(Problem) Below this line are records; write out exactly the lines from the one containing "Police and striking" through the one containing "This was the", with the pictures left out.

(Extracted data)
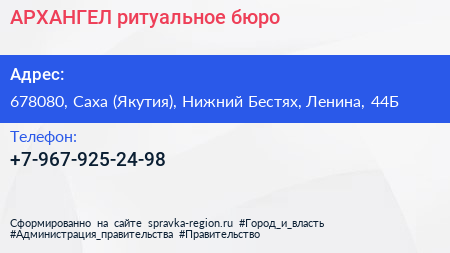 АРХАНГЕЛ, ритуальное бюро по адресу 678080, Саха (Якутия), Нижний Бестях, Ленина, 44Б в дальнейшем Организация, размещена в следующих категориях:
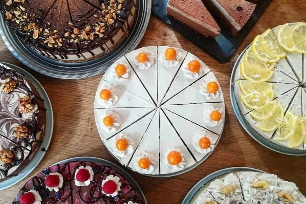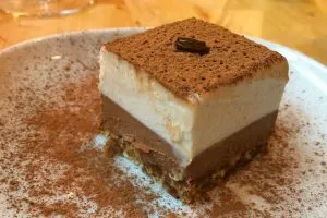 ส่วนของหวานก็ยังคงความเป็น raw food เช่นกัน ซึ่งเท่ากับว่าขนมของที่นี่ไม่ได้ใช้ความร้อนสูงเหมือนขนมอบทั่วไป การคิดเมนูที่จะทำให้ของหวานเซ็ตตัวได้ จึงถือเป็นเรื่องชวนท้าทายอย่างมาก แต่ The Raw Kitchen Malmö ก็เล่นแร่แปรธาตุจนออกมาเป็นขนมหวานที่แสนจะสมบูรณ์แบบ แถมยังยึดหลักปลอดกลูเตน ปราศจากน้ำตาลในส่วนผสม เช่น ทีรามิสุ ที่ทำมาจากอัลมอนด์ เม็ดมะม่วงหิมพานต์ กาแฟ ให้รสหวานจากอินทผาลัม เพิ่มความคงตัวให้เนื้อเค้กด้วยน้ำมันมะพร้าว ไซรัปสกัดจากข้าว แล้วโรยหน้าด้วยไอริสมอสป่น ซึ่งเป็นสาหร่ายสีน้ำตาลชนิดหนึ่ง
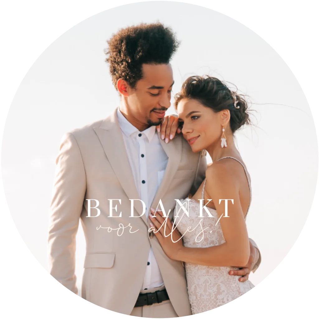 Bedank jullie gasten voor hun aanwezigheid met deze originele ronde bedankkaart! Kies een mooie foto van jullie bruiloft en maak de kaart zo helemaal eigen.
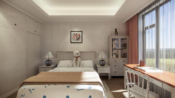 兒童房以淺色為主,背景墻和衣柜統一為白色條紋,結合美式家具,給孩子一個(gè)浪漫而溫馨的睡眠環(huán)境。
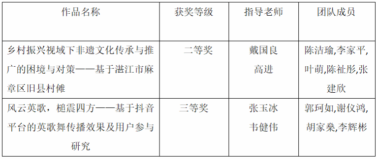 省级二等奖团队-比完带导师吃烧鸡队:该团队为pp电子游戏官网和文学与传媒学院跨院系组队,由戴国良、高进老师指导,陈洁瑜、李家平、叶萌、陈祉彤及张建欣同学组成。团队秉持着让非遗焕发新生的理念,团队多次前往湛江实地调研,运用多样化的分析方法,探索非遗傩舞在新时代发展的路径,为乡村非遗带动乡村振兴提供实践支持和理论支撑。
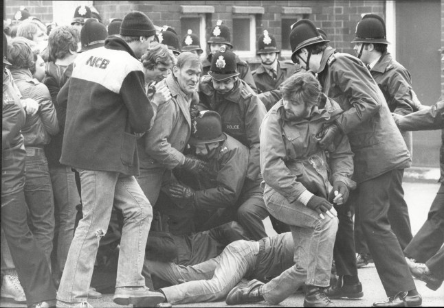 Police and striking miners were clashing at pickets across the country (Picture: Jim Duxbury/ANL/REX/Shutterstock)
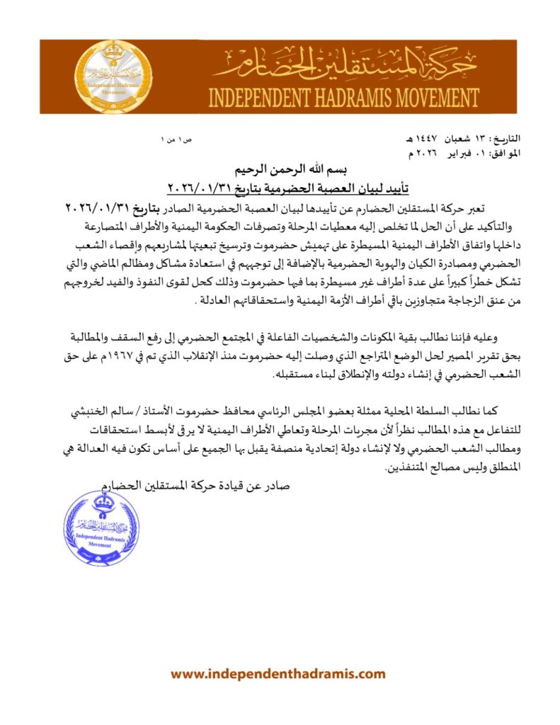 تعبّر حركة المستقلين الحضارم عن تأييدها لبيان العصبة الحضرمية الصادر بتاريخ 2026/01/31
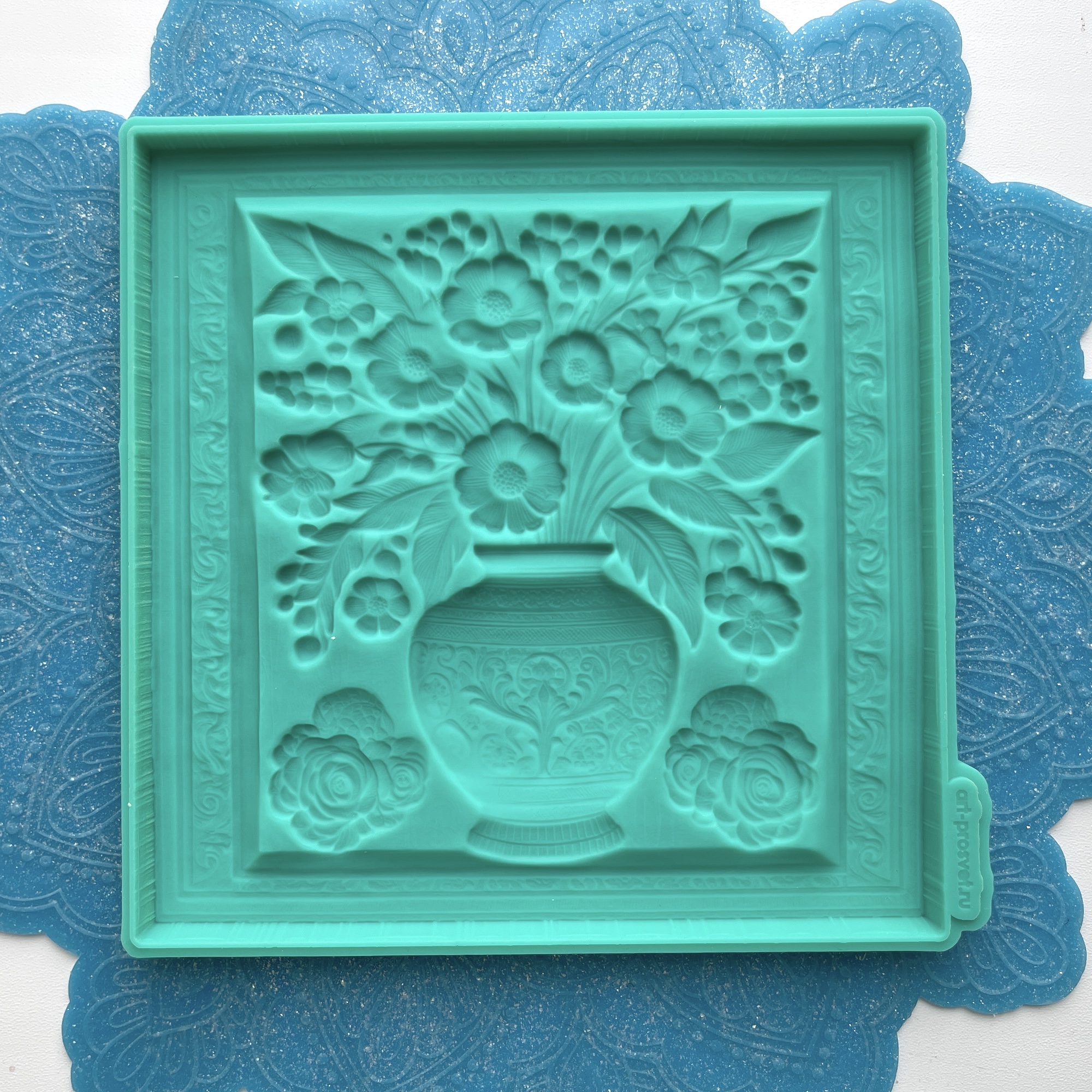 Рады представить нашу последнюю инновацию в мире художественного творчества и декоративного искусства - силиконовую форму плитку-барельеф "Ваза с цветами в рамке". Это не просто новый шедевр от компании ПроСвет®, но и первый в истории барельеф, разработанный с применением передовых технологий нейросети и генеративного искусственного интеллекта.
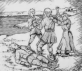 ![]() Торгерд Брак разнимает Эгиля и его отца Скаллагрима, возле мертвого Торда Гранасона | |
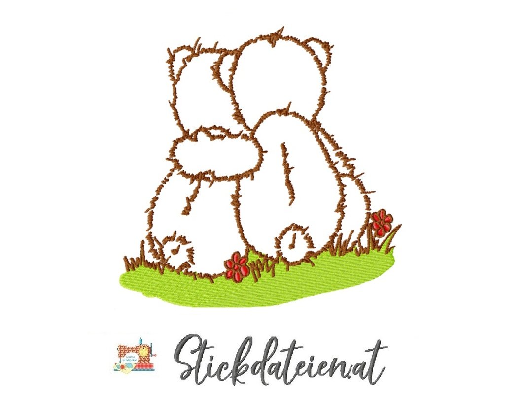 Digitale Stickdatei "Teddybären Umarmung auf der Wiese" – Herzliche Freundschaft
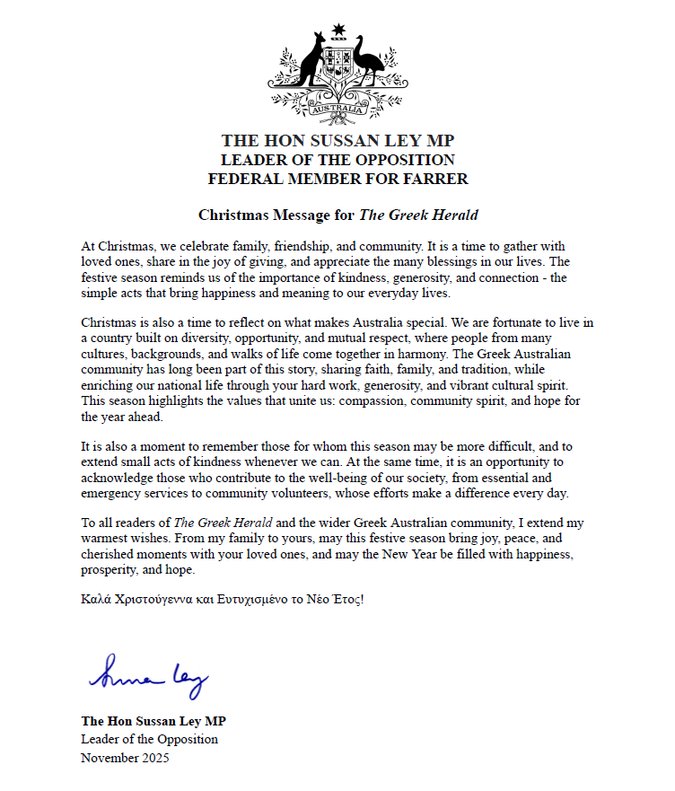 In her message, Ms Ley reflected on Australia’s diversity and paid tribute to the longstanding contribution of the Greek Australian community, while also acknowledging volunteers, emergency services and those for whom Christmas can be a difficult time.
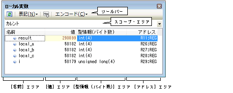 なお,各エリアの見方,および機能についての詳細は,ローカル変数 パネルの項を参照してください。
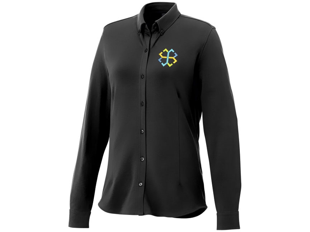 Женская рубашка Bigelow из пике с длинным рукавом. Воротник из ткани изделия. Стрейтч-ткань. Регулируемый манжет на одной пуговице. Воротник на пуговицах. Швы моделирующие фигуру и приталенный крой. Атласная окантовка внутренней части горловины. Гравированные пуговицы в цвет изделия. Тканая метка. Двойное трикотажное пике, 95% хлопок и 5% эластан. 200 г/м².
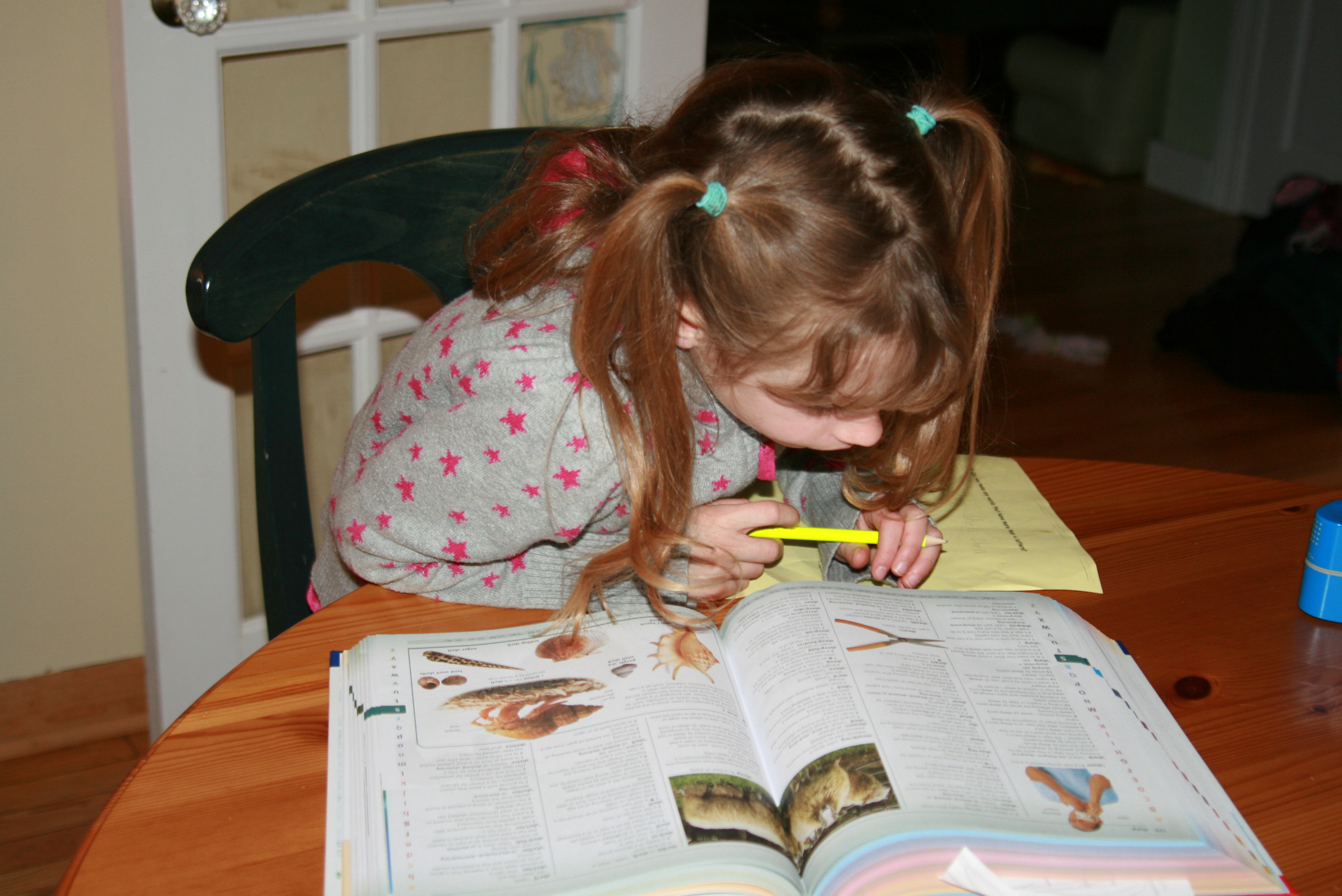This was the scene after dinner last night, when both girls refused to take a bath because they needed to do their "homework." Tess was working on a new workbook about shapes, and Grace was acting as her teacher. Grace was also working on the optional "math mayhem" homework she receives each Monday. It's the only homework she ever gets, and she insists on completing it Monday night even thought it's not due until Friday. The kid loves a challenge — and besides, who doesn't love math homework that involves a dictionary?!
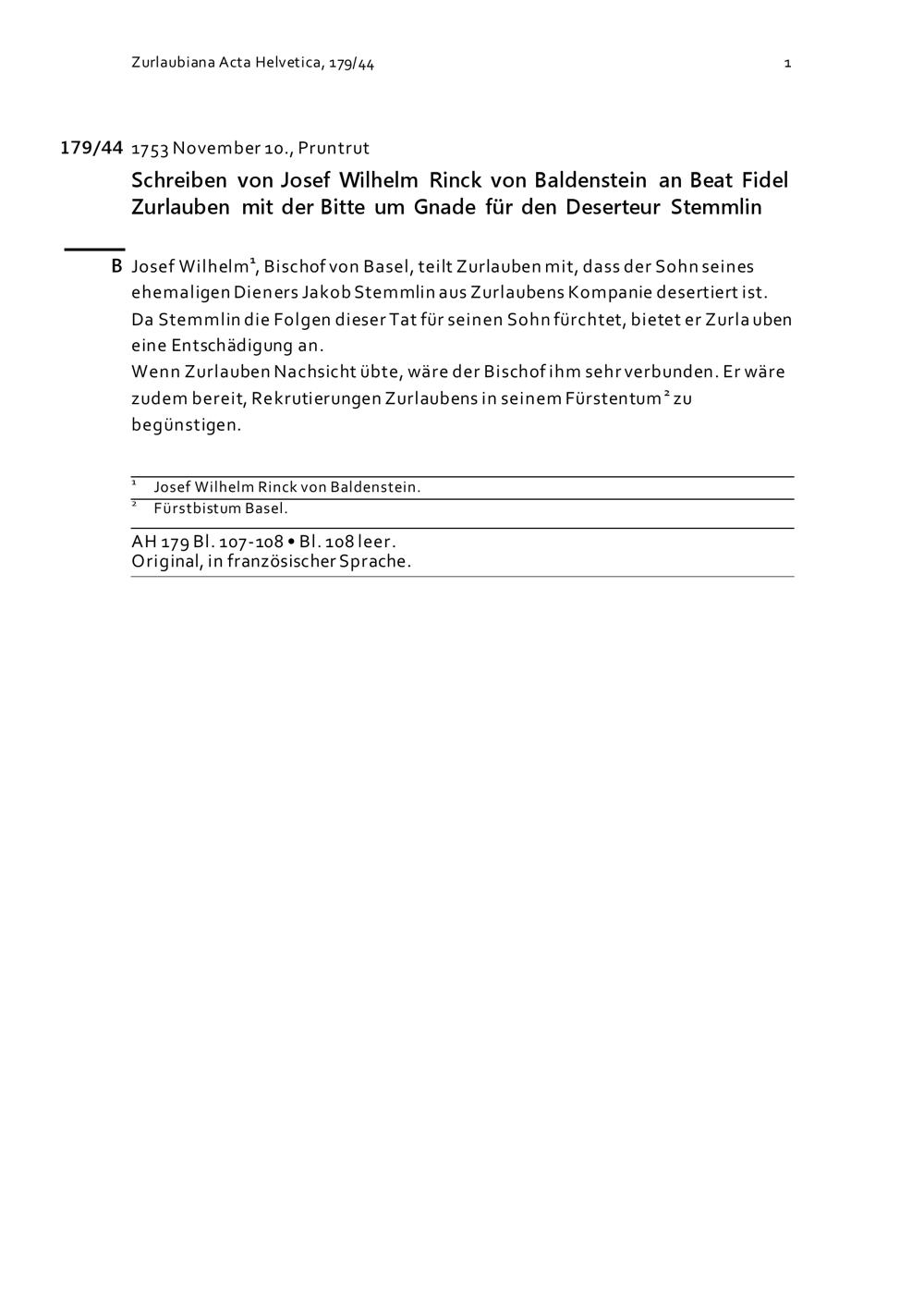 Schreiben von Josef Wilhelm Rinck von Baldenstein an Beat Fidel Zurlauben mit der Bitte um Gnade für den Deserteur Stemmlin

(Task output)
 Police and striking miners were clashing at pickets across the country (Picture: Jim Duxbury/ANL/REX/Shutterstock)
 تعبّر حركة المستقلين الحضارم عن تأييدها لبيان العصبة الحضرمية الصادر بتاريخ 2026/01/31
 Рады представить нашу последнюю инновацию в мире художественного творчества и декоративного искусства - силиконовую форму плитку-барельеф "Ваза с цветами в рамке". Это не просто новый шедевр от компании ПроСвет®, но и первый в истории барельеф, разработанный с применением передовых технологий нейросети и генеративного искусственного интеллекта.
 ![]() Торгерд Брак разнимает Эгиля и его отца Скаллагрима, возле мертвого Торда Гранасона | |
 Digitale Stickdatei "Teddybären Umarmung auf der Wiese" – Herzliche Freundschaft
 In her message, Ms Ley reflected on Australia’s diversity and paid tribute to the longstanding contribution of the Greek Australian community, while also acknowledging volunteers, emergency services and those for whom Christmas can be a difficult time.
 なお,各エリアの見方,および機能についての詳細は,ローカル変数 パネルの項を参照してください。
 Женская рубашка Bigelow из пике с длинным рукавом. Воротник из ткани изделия. Стрейтч-ткань. Регулируемый манжет на одной пуговице. Воротник на пуговицах. Швы моделирующие фигуру и приталенный крой. Атласная окантовка внутренней части горловины. Гравированные пуговицы в цвет изделия. Тканая метка. Двойное трикотажное пике, 95% хлопок и 5% эластан. 200 г/м².
This was the scene after dinner last night, when both girls refused to take a bath because they needed to do their "homework." Tess was working on a new workbook about shapes, and Grace was acting as her teacher. Grace was also working on the optional "math mayhem" homework she receives each Monday. It's the only homework she ever gets, and she insists on completing it Monday night even thought it's not due until Friday. The kid loves a challenge — and besides, who doesn't love math homework that involves a dictionary?!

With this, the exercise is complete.